[Review]Learning Statistical Texture for Semantic Segmentation

redgreen·2022년 5월 9일

PaperReview

목록 보기

9/9

CVPR 2021에서 발표된 논문
github

1. Introduction

기존의 semantic segmentation 모델들은 contextual information in high-level feature에 집중했다.
:high-level layer만을 사용하는 것은 edge 등의 중요한 detail을 놓칠 수 있어 skip-connection 등의 기법이 활용된다.

해당 논문에서는 low-level texture feature가 local structure뿐 아니라 global statistical knowledge도 가지고 있다고 주장한다.

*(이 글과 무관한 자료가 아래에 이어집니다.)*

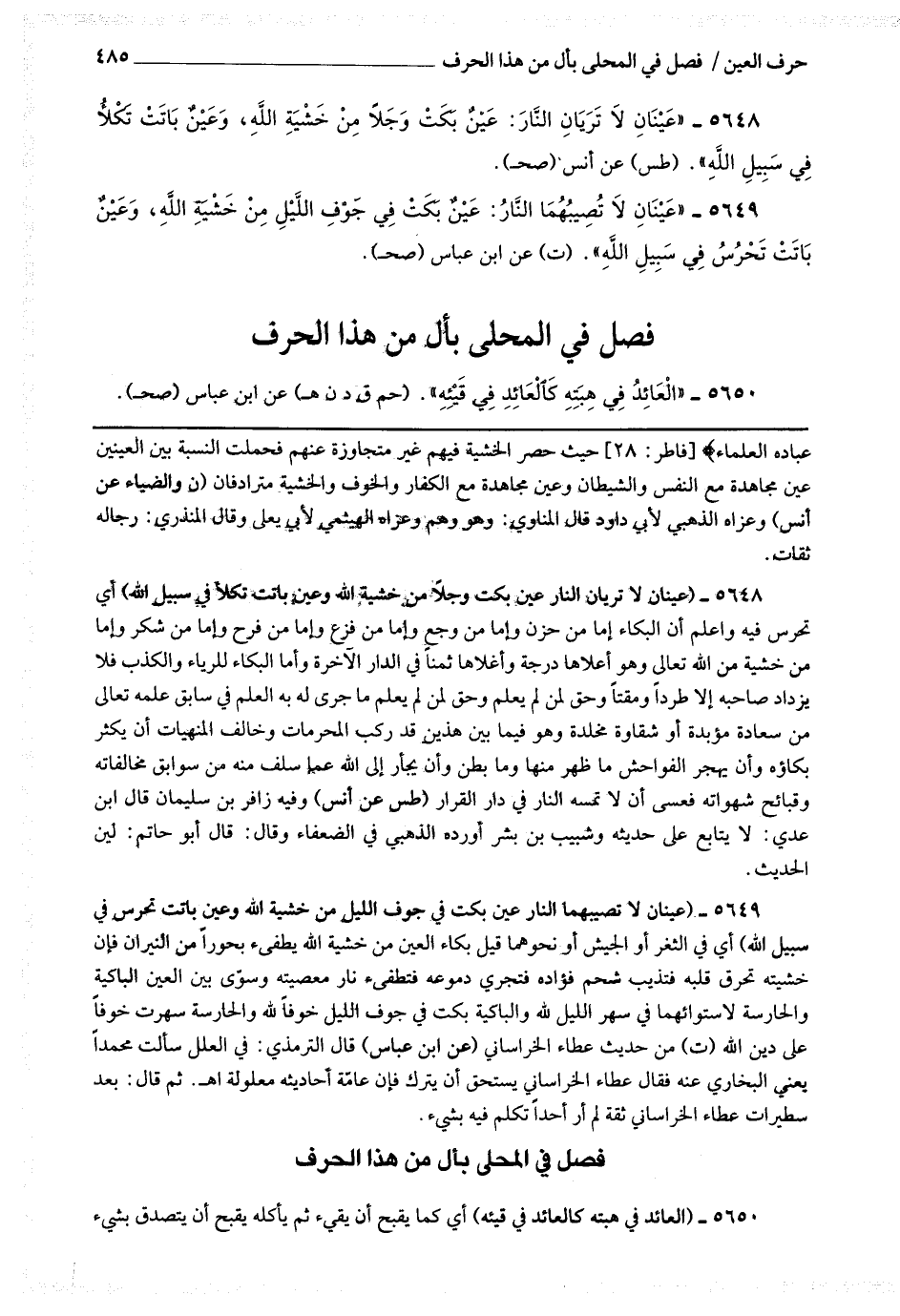 5648 - (عينان لا تريان النار عين بكت وجلا من خشية الله وعين باتت تكلأ في سبيل الله) أي تحرس فيه وأعلم أن البكاء إما من حزن وإما من وجع وإما من فزع وإما فرح وإما من شكر وإما من خشية من الله تعالى وهو أعلاها درجة وأغلاها ثمنا في الدار الآخرة وأما البكاء للرياء والكذب فلا يزداد صاحبه إلا طردا ومقتا وحق لمن لم يعلم وحق لمن لم يعلم ما جرى له به العلم في سابق علمه تعالى من سعادة مؤبدة أو شقاوة مخلدة وهو فيما بين هذين قد ركب المحرمات وخالف المنهيات أن يكثر بكاؤه وأن يهجر الفواحش ما ظهر منها وما بطن وأن يجأر إلى الله عما سلف منه من سوابق مخالفاته وقبائح شهواته فعسى أن لا تمسه النار في دار القرار.

low-level information의 distribution을 분석하기 위해 STLNet(Statistical Texture Learning Network)을 고안했다고 한다.

image texture는 단순 boundary, smoothness, coarseness 등의 local structural property일 뿐 아니라 global statistical property라고 주장한다.

low-level information을 통해 histogram of intensity를 추출하는 일종의 spectral domain analysis라고 주장한다.

2.Model

모델의 크게 3가지 구조를 가진다.

2.1 QCO(Quantization and Counting Operator)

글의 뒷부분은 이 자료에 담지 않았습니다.